A1. Explain what Monte Carlo Simulation is and what it can be used for.
Monte Carlo simulation is a computerized mathematical technique that allows people to account for risk in quantitative analysis and decision making.
The method uses repeated random sampling to generate simulated data
which is used to evaluate a mathematical model or process.
• It is used in modelling where there is a high amount of uncertainty.
• e.g. forecasting, predictive modelling or decision modelling.
• It is used in many cases for assessing what-if scenarios.
A2. Explain the difference between structured and unstructured data.
Give examples in your answer.
Structured data is highly-organized and formatted in a way so it's easily searchable in relational databases. Unstructured data has no pre-defined format or organization, making it much more difficult to collect, process, and analyze.
• Most of the data we have looked at so far has been structured (data
tables, csv files, databases etc..) but most data comes unstructured.
• Unstructured data includes:
• Images, Audio files (including speech) and Videos.
• Text (emails, messages, webpages, news articles, social media,
logs, notes and transcripts, open-ended survey responses,
books, legal documents etc.)
A3. With regards to text analytics, explain the following terms:
B1. Honda has approached your consultancy company asking you to help it forecast the number of PES 125A motorbikes sold in the UK in the next year. It has provided you with the quarterly time series sales data from Q1 2010 to Q1 2016 (B1.csv) for the Honda PES 125A motorbike.
a. Using the read.csv, ts and plot functions in R, import the data, create a time series object and then plot the time series object. From looking at this plot, what can you say about the trend and seasonality of the data? Include the plot in your answer.
CODE:
# import dataset
data <- read.csv("2017B1.csv")
View(data)
# create a time series data based on quaterly data
honda <- ts(data = data$Sales, start = c(2010,1) , end = c(2016,1),frequency = 4)
# plot the data
plot(honda)
From this plot, we can see that it is surging before 2014, and then decreasing in the following two years. The seasonality of the data can hardly see.
b. Using the decompose function in R, decompose the data with additive decomposition and explain what is shown in the plot. Explain why you think the additive decomposition method was chosen.

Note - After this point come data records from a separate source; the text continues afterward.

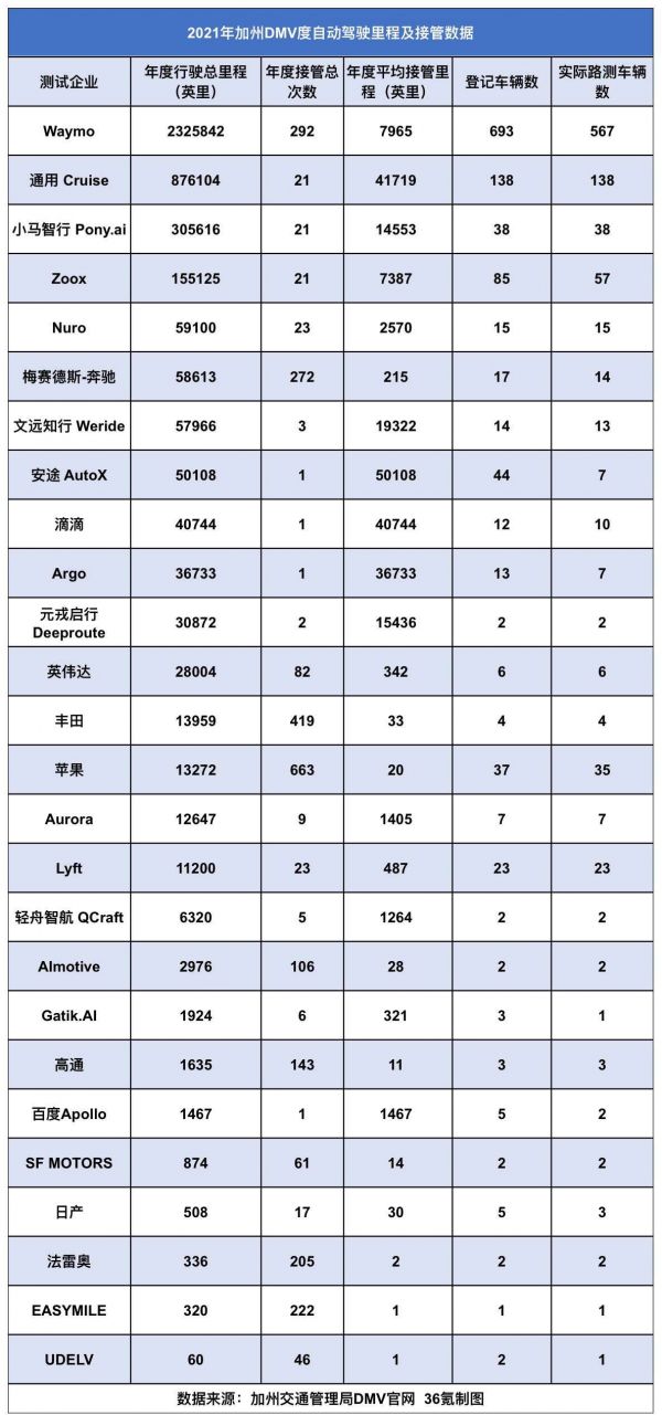 最前线|2021加州DMV自动驾驶众生相:Waymo跑最远,苹果人工接管最多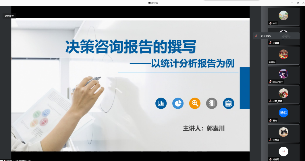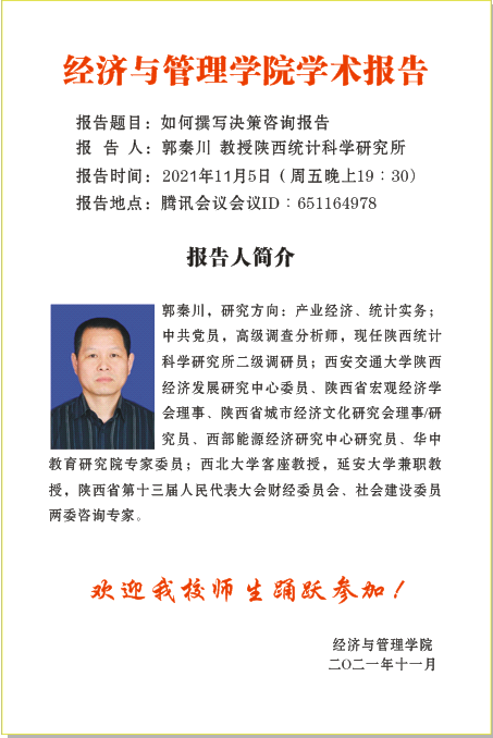 为进一步做好人文社科研究工作,提高教师将科研成果转化为政府咨询箴言报告的能力,11月5日,SUNBET申博邀请陕西统计科学研究所郭秦川研究员,为公司师生作了“如何撰写决策咨询报告”的线上讲座。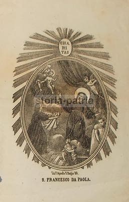 Antica Stampa Popolare Devozionale San Francesco Di Paola Messina Sicilia XIX Secolo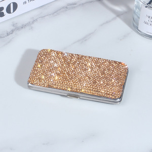 国境を越えて人気のある高級感のある両面ダイヤモンドがちりばめられたタバコ箱、女性向けの豪華でパーソナライズされたラインストーンタバコ箱、ハイエンドでクリエイティブなポータブルタバコ箱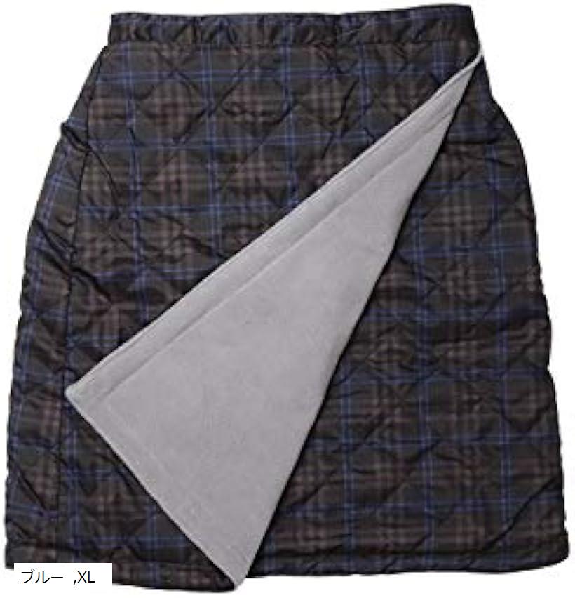 裏起毛 巻き キルトスカート 防寒スカート ひざたけスカート ダウン 膝丈 ひざ丈 大きいサイズ レディース(ブルー, LL)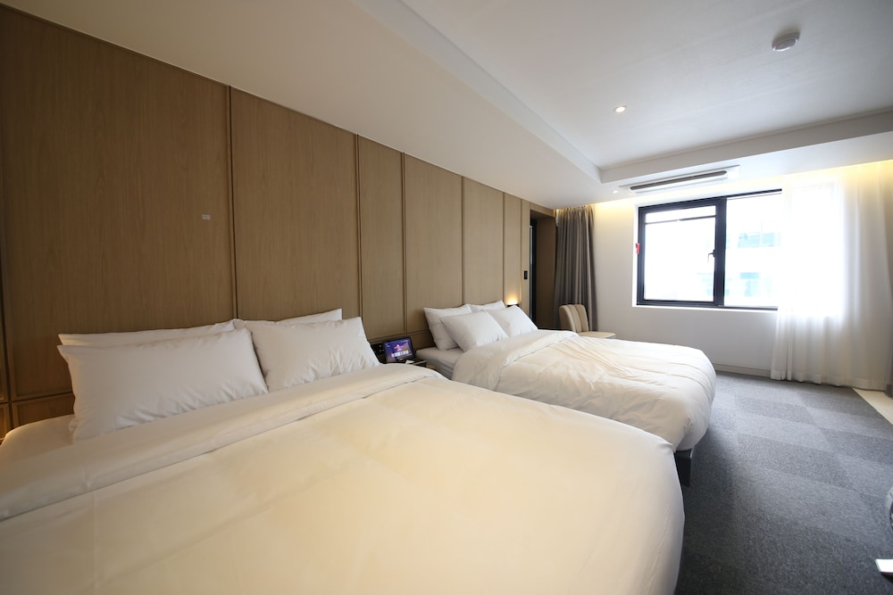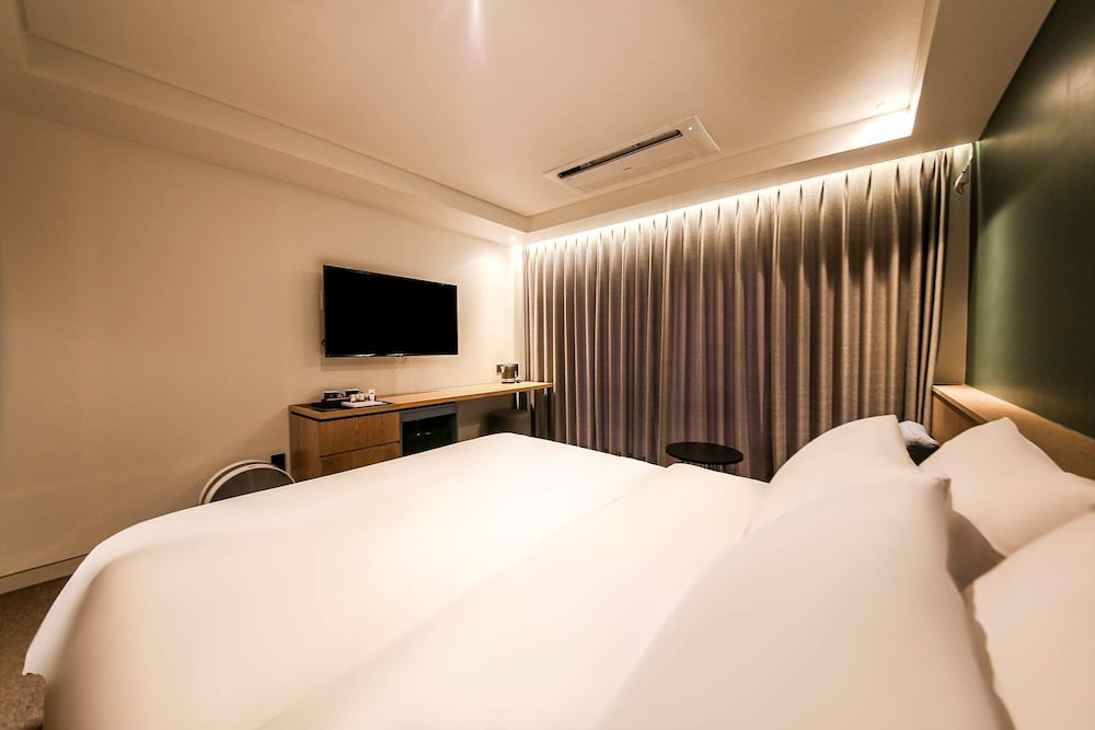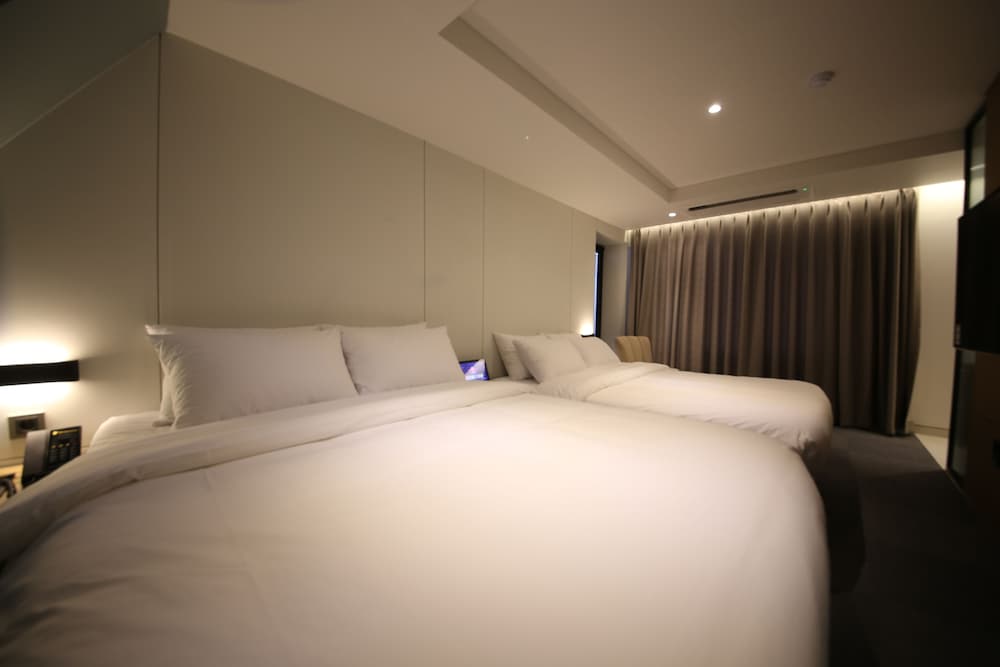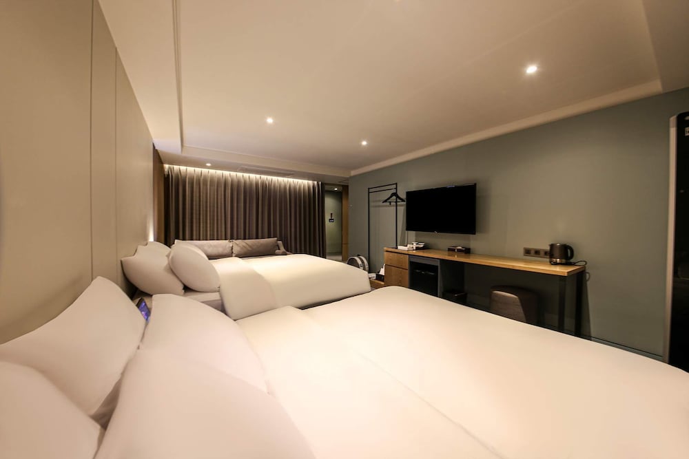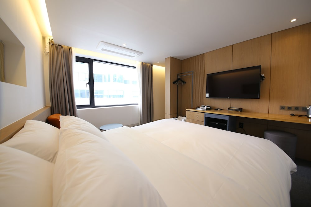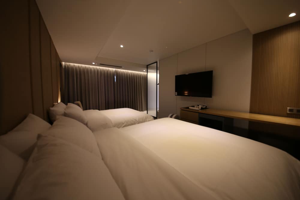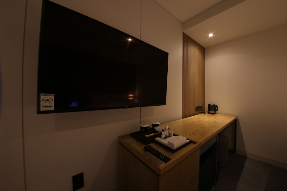 - 객실 Amenity: 무료 Wi-Fi, 45인치 TV, 냉장고, 안전금고, 커피포트, 드라이기, 생수 2병, 커피, 티, 휴대폰충전기, 가운2개, 슬리퍼, 에어컨

# decompose the data with additive method
de <- decompose(honda, type = c("additive"))
plot(de)
We choose the additive method because the seasonal fluctuation doesn't vary over time. In this plot, the first line shows the time series of the honda sales data. The following lines show trend,seasonal and reminder decomposition. Because we use the additive method here, the sum of the last three is equal to the first line.
The trend component has been obtained using moving averages and therefore the first few and last observations have been removed. It looks very similar to the initial data albeit slightly smoother. The trend decomposition account for the largest part of the whole data.
The seasonal decomposition is very small. The seasonal decomposition is constant over time, we use additive method because the seasonality increase by constant value( S2010.07 - S2010.02 = S2011.07-S2011.02 et al.)
The random component is the left over proportion that can not be explained by the seasonal or trend components.In the middle of the decomposition plot is a high focus on positive error, whilst on the left and right side is a focus on negative error. This would indicate that there is some sort of structural variation that is yet to be explained.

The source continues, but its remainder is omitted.